The terror group found shelter in Afghanistan under the previous Taliban regime of 1996 to 2001, and it is in Afghanistan where Al-Qaeda planned their attacks. The US invaded the country in 2001 in response to the attacks, and the Taliban regime was ousted. Experts think the Taliban are now unlikely to be so public about their links to Al-Qaeda in light of the US’s decision to invade Afghanistan after 9/11. Jean-Pierre Filiu, a jihadism specialist at Sciences Po university in Paris, told AFP the Taliban do not want to make the same “strategic error” as they did when previously in power.

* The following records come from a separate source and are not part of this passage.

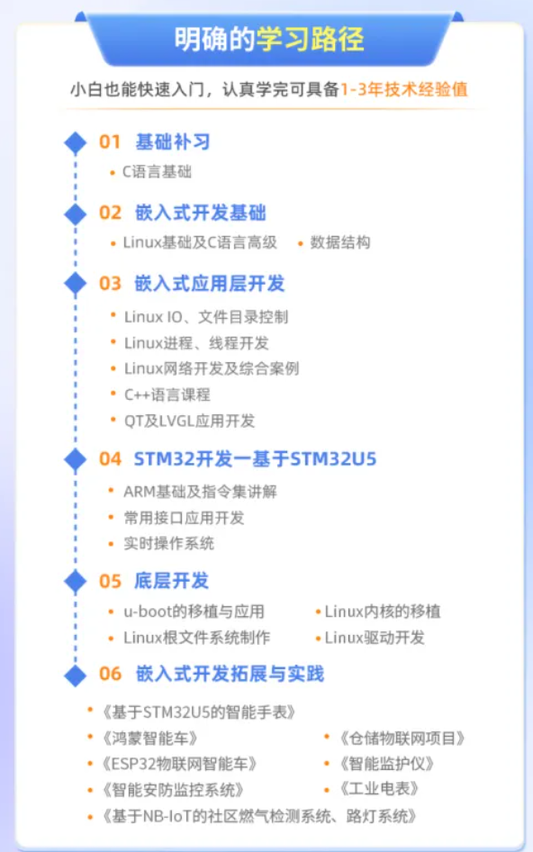 華清遠見推出了一流嵌入式高薪就業課程,為零基礎小白、技術轉型人群、在職提升者還有跨行轉專業的人配置了合適的全流程技術成長路線。
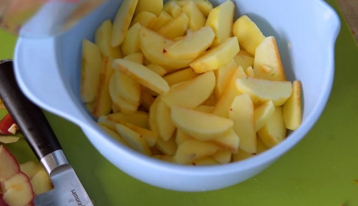 - Далее яблоки нужно нарезать дольками средних размеров и залить их лимонным соком, перемешай. Можешь делать это по частям, чтобы лимонный сок не дал яблокам потемнеть.
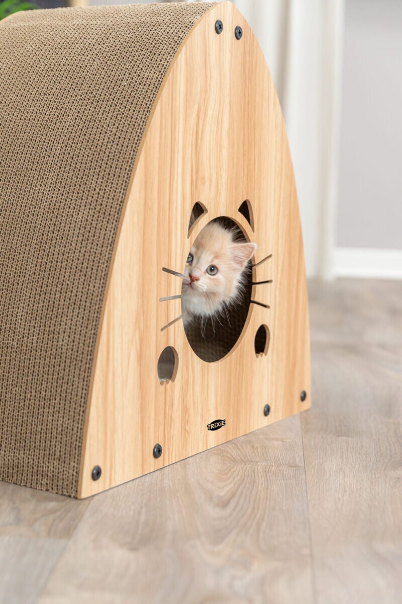 Maison grattoir, MDF, 48×48×28cm, brun clair
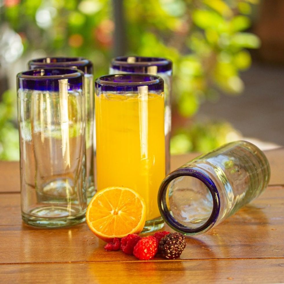 Unique Handblown Glass Blue Rim Highball Tumbler 'Cobalt Classics' Item ID: 2669932228
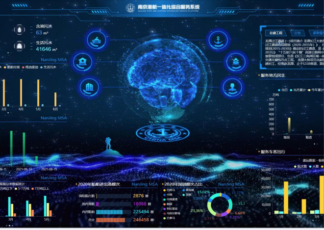 实时展示南京港全境内的通航状态,相关数据;可以实时查询港内任意船舶信息,船员信息,诚信信息等;可以实时展示海事的局情信息等。
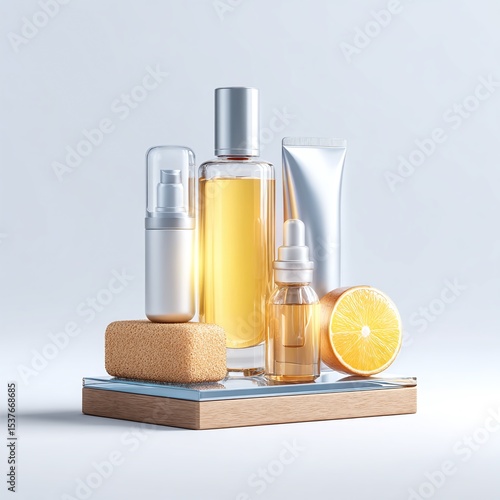 Refreshing citrus skincare products display studio setting product photography minimalist background
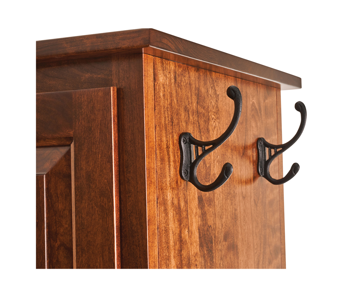 • Small hooks behind door
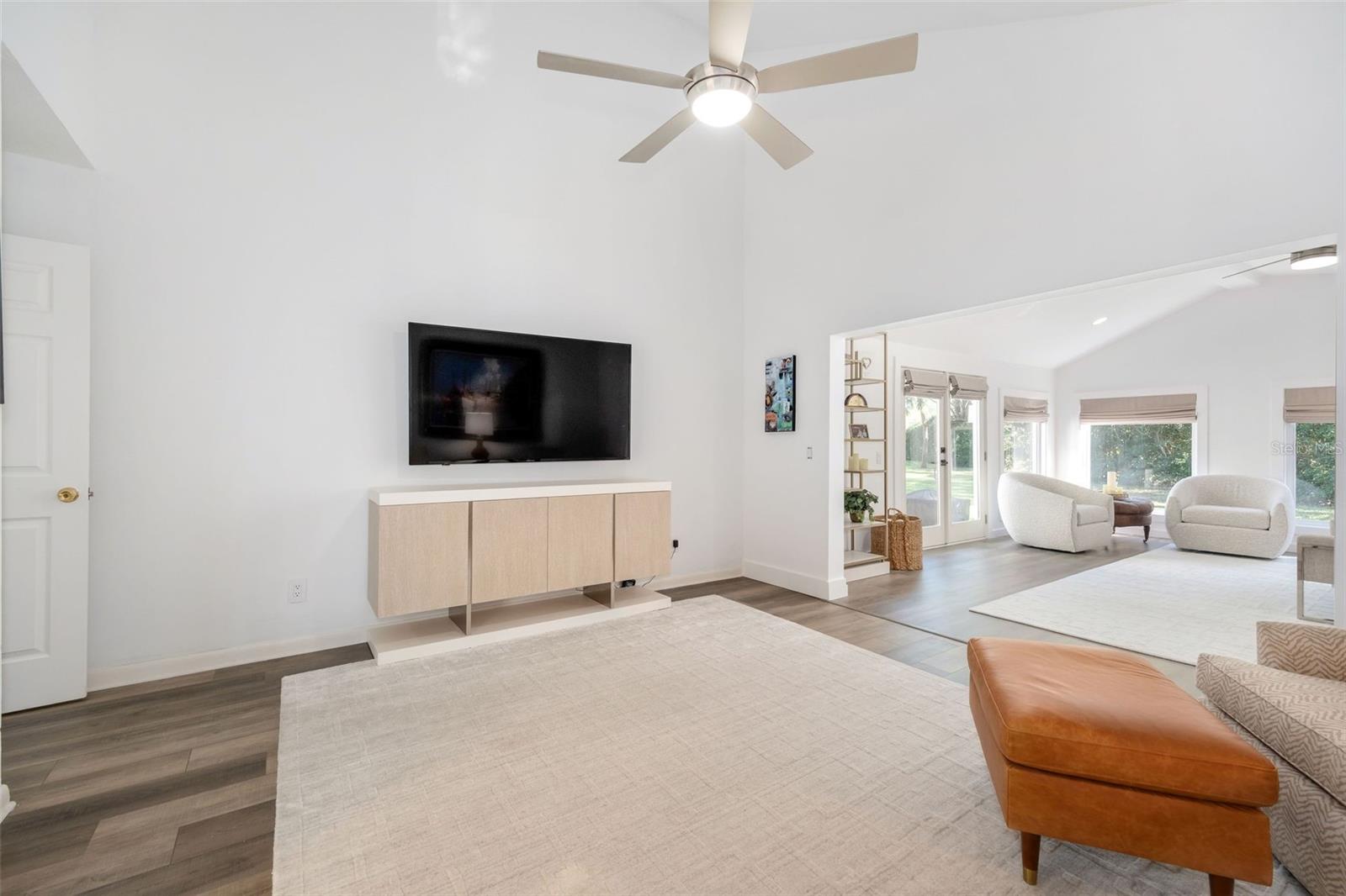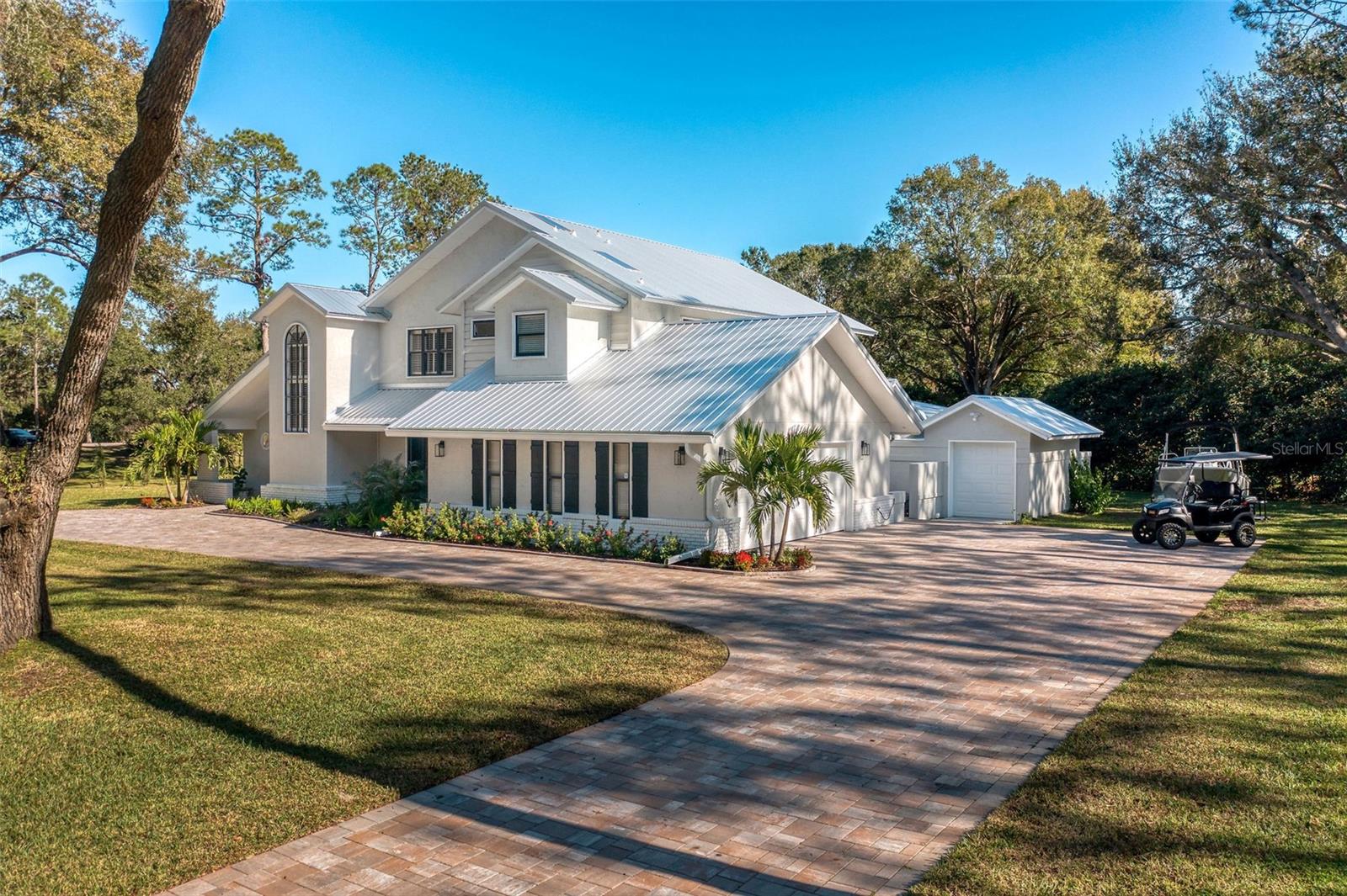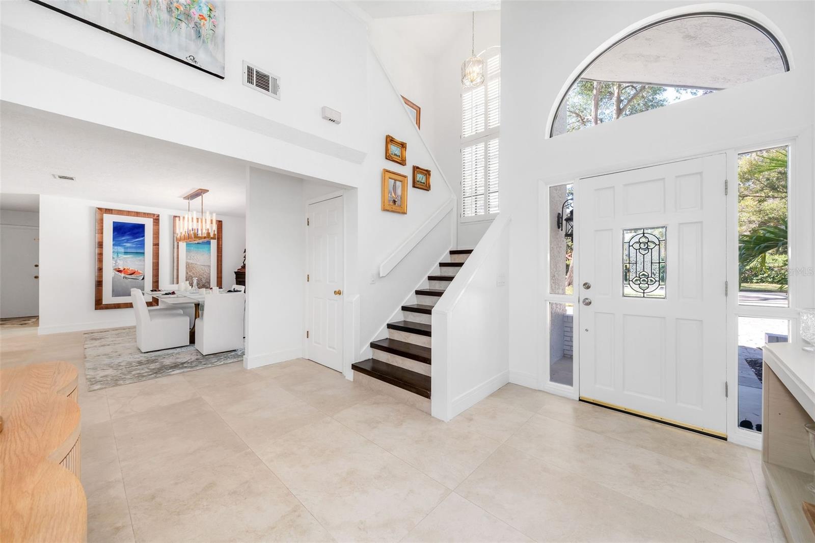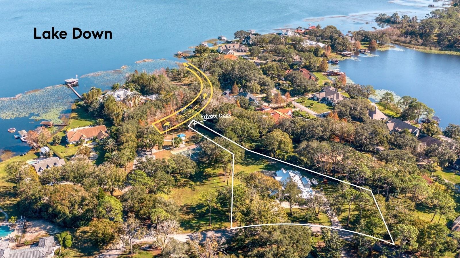 Newly renovated, this jewel on the Butler Chain of Lakes sits on over an acre within the golf cart zone of the sought-after Town of Windermere. In the mature community of Marina Bay Estates, this two-story home features a large circular driveway with a motor court, an oversized two-car garage, and a newly added golf cart garage for additional storage. The four-bedroom home spans almost 3,900 sqft, with ample room to expand on the 1.11-acre waterfront estate. Upon entering, you’re welcomed by a light, modern color palette and an abundance of natural light bouncing off the freshly painted interior and illuminating the new tile floors. The newly added master suite on the first floor enhances the home's appeal, providing convenience and luxury. Perfect for entertaining family and friends, the home has an excellent flow from the formal living room into the family room with its soaring, two-story ceiling, around the kitchen with casual dining, and a separate formal dining room. Both the formal living room and family room overlook the sparkling pool and covered lanai. With two bedrooms downstairs and two additional bedroom suites on the second floor, the property makes an attractive option as a vacation home. Listed among the numerous upgrades to the property, this home features a new metal roof, two new air conditioning units, all newly renovated bathrooms, all new flooring, a whole-house water softener system, and a private well. This property is a must-see!
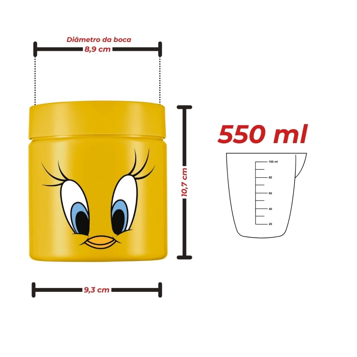 Design Temático: Tanto o pote quanto a squeeze apresentam o icônico Piu Piu, tornando este kit perfeito para fãs do personagem de todas as idades.
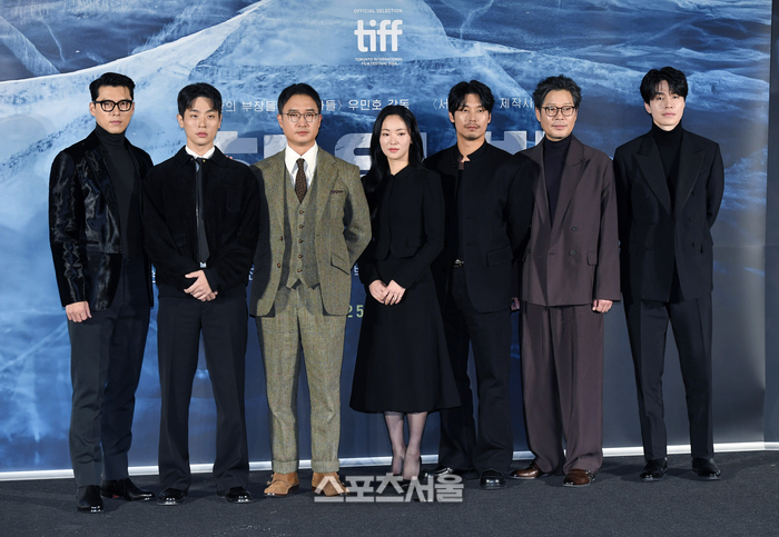27일 서울 용산구 아이파크몰 CGV에서 진행된 영화 ‘하얼빈’ 제작보고회에서 출연 배우들이 취재진을 향해 포즈를 취하고 있다. 왼쪽부터 배우 현빈, 박정민, 조우진, 전여빈, 우민호 감독, 배우 박훈, 유대명, 이동욱.
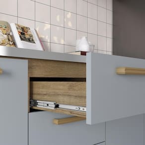 Dobradiças Slow Motion, e corrediças telescópicas.
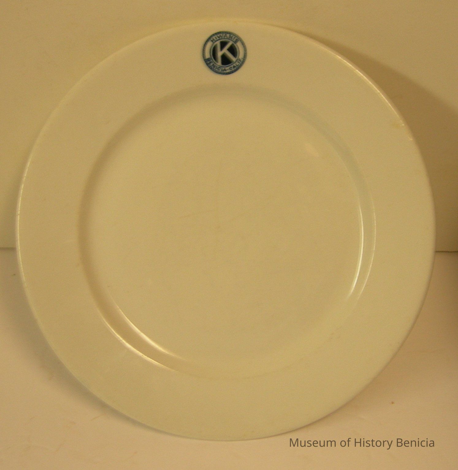 White plate with blue Kiwanis, Benicia - Calif. logo; 9-3/4" diameter
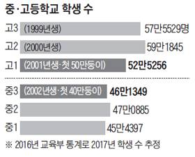 5일 교육부 통계에 따르면 올 전국의 고교 신입생 숫자는 작년(59만여명)보다 6만여명 줄었다. 공식 집계는 4월 기준이지만, 작년 중3생(52만5256명)이 전원 고교에 진학해도 작년 신입생(59만1845명)보다 6만6589명(11.3%) 줄어든다. 내년에는 46만여명으로 올해보다도 6만여명(12.2%)이 더 줄 것으로 예상된다. 신입생 수가 올해와 내년 급감하며 불과 2년 사이 59만명대에서 46만명대로 13만명(약 22%) 감소하는 것이다. 2001년생들이 초등학교에 입학한 2008년, 중학교에 진학한 2014년에도 격변이 있었다. 이들 때문에 중학교 학급당 인원 수는 30명 이하(2014년 30.5명, 2016년 27.4명)로 자연 감소했다.
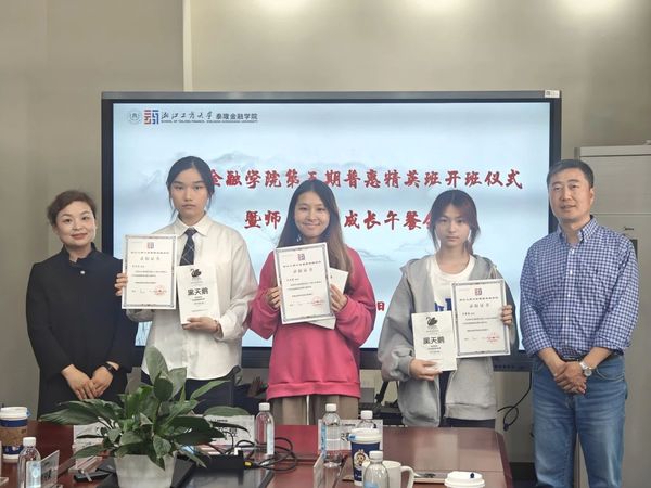 4月18日下午,第一版主 第五期普惠精英班开班仪式暨师生共话成长午餐会在经济楼318会议室成功举办。第一版主 院长马丹,副院长倪禾,副书记姜兵,学院副院长、泰隆银行培训学校副校长沈莹,院长助理傅利福,学办主管王寿铭,团委书记连慧莹和第五期普惠精英班学员参加了本次午餐会。
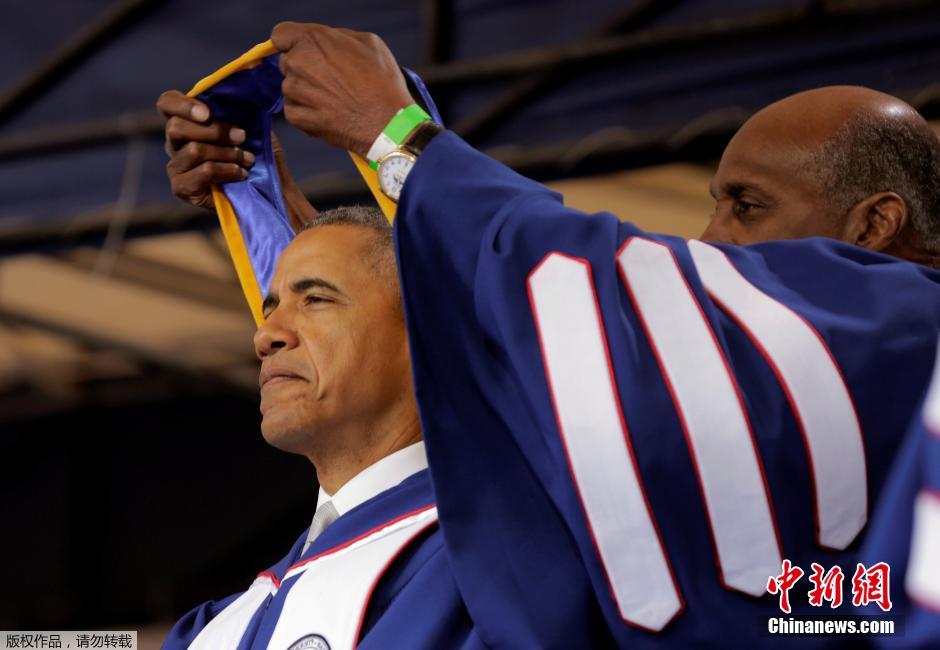 当地时间2016年5月7日,美国华盛顿,奥巴马出席霍华德大学毕业典礼,获得理学博士荣誉学位。
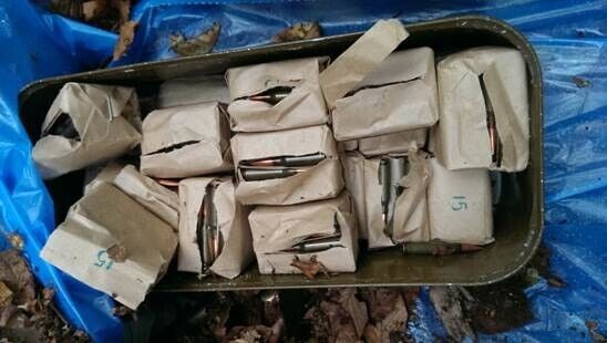В лесном массиве обнаружен тайник, в котором находились две противотанковые гранаты, почти сотня ручных гранат, 15 тыс. патронов разного калибра, снаряды для гранатомета, пороховые заряды и тротиловые шашки.
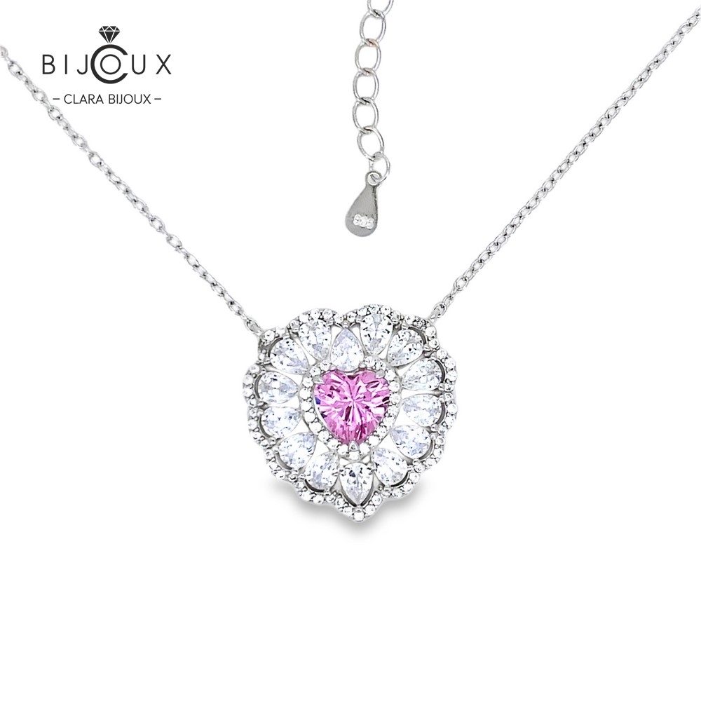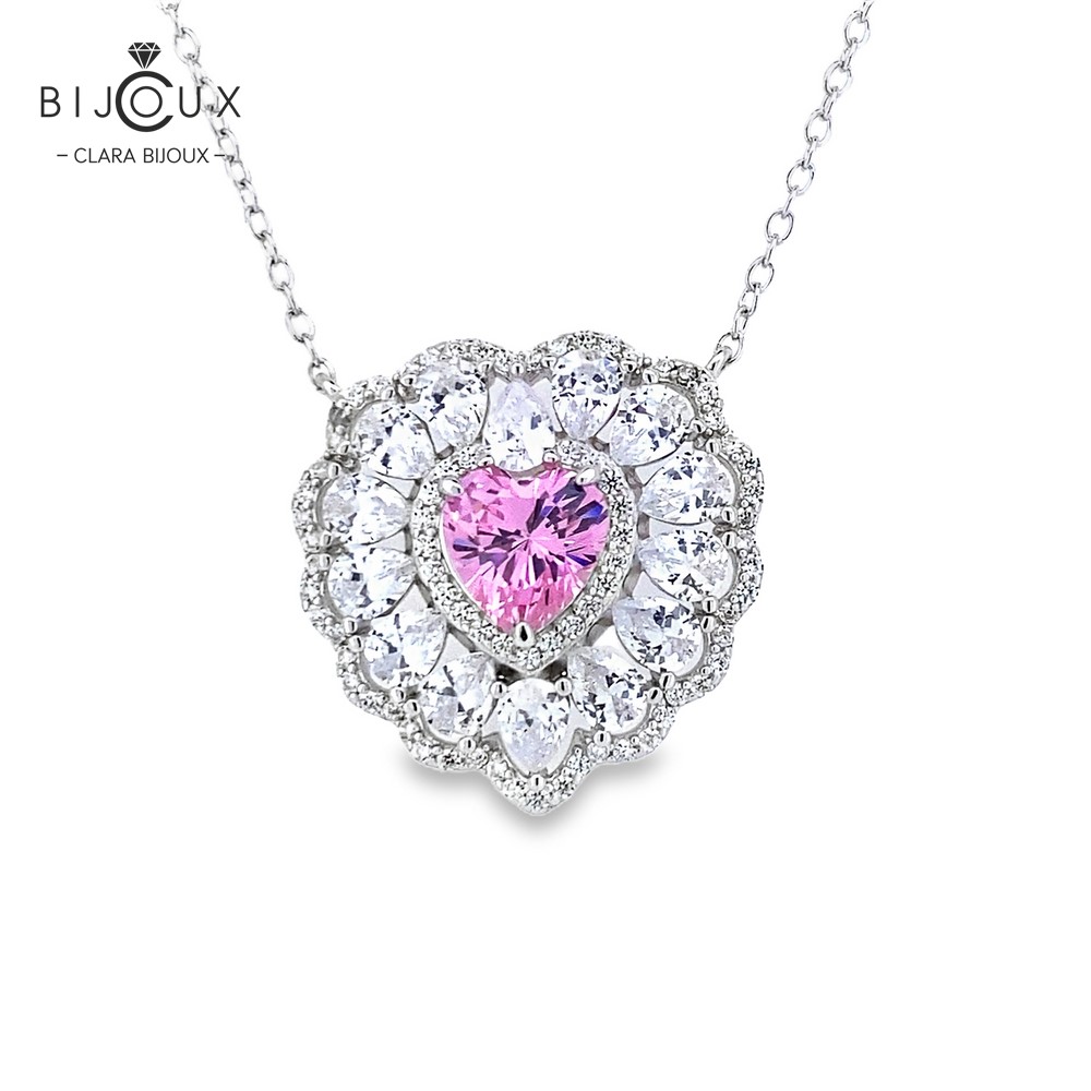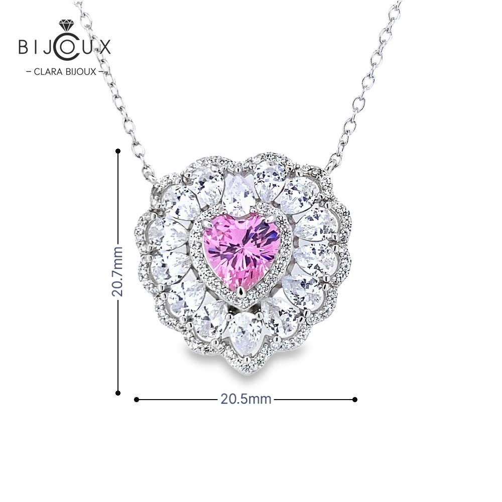 Това изящно колие изработено от родирано сребро с висулка във формата на сърце включва зашеметяващ Розов Циркон в центъра си, заобиколен от ореол от искрящи Бели Циркони. Деликатната сребърна верижка добавя елегантна нотка, което я прави перфектна както за ежедневно носене, така и за специални поводи. Верижката е включена в цената. Всички бижута са придружени от специален сертификат, удостоверяващ автентичността им. На този сертификат можем да изпишем и лично послание за Вас или за когото е бижуто. Всяка поръчка пристига при Вас луксозно опакована, в брандирана кутийка и торбичка, готова за поднасяне като подарък.
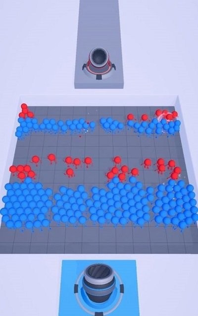 2、闯关区域选择:在不断闯关的精彩挑战中,玩家需明智选择面积最大的区域,积累更多的小球士兵,为战斗胜利奠定基础。

Mr Filiu said: “If the Taliban of 2021 are different from those of 2001, it’s not because they have moderated their religious obscurantism, but because they don’t want to make the same strategic error, which was their blind support for Al-Qaeda which cost them power.” There are concerns about what a resurgence of Al-Qaeda and terror groups in Afghanistan could mean for the West. Independent UN experts reported to the Security Council last month that Al-Qaeda is present in at least 15 Afghan provinces, consisting mainly of Afghan and Pakistani nationals, but also people from Bangladesh, India and Myanmar.

China’s deputy UN Ambassador Geng Shuang told the council: “Afghanistan must never again become a haven for terrorists. This is the bottom line. “We hope that the Taliban… make a clean break with the terrorist organisations.”  Sir Ivor Roberts, a former UK counter-terrorism chief and senior adviser to the Counter Extremism Project, a Washington-based think tank, told Metro: “This is a moment of extreme danger for the West. “Quite apart from disaster being visited on Afghan people, the West faces a renewal of the same terrorist threat which led to 9/11 and the rise of ISIS.

“Some reports have spoken of up to 20 terrorist groups providing foreign fighters to support the Taliban sweep through Afghanistan. “Alongside the power the Taliban has demonstrated over the last few days and the potential extremism potentially brewing beneath the surface, the UK and the West will bear the consequences. “This international catastrophe is coming straight to our door, in the form of an international terrorist threat.”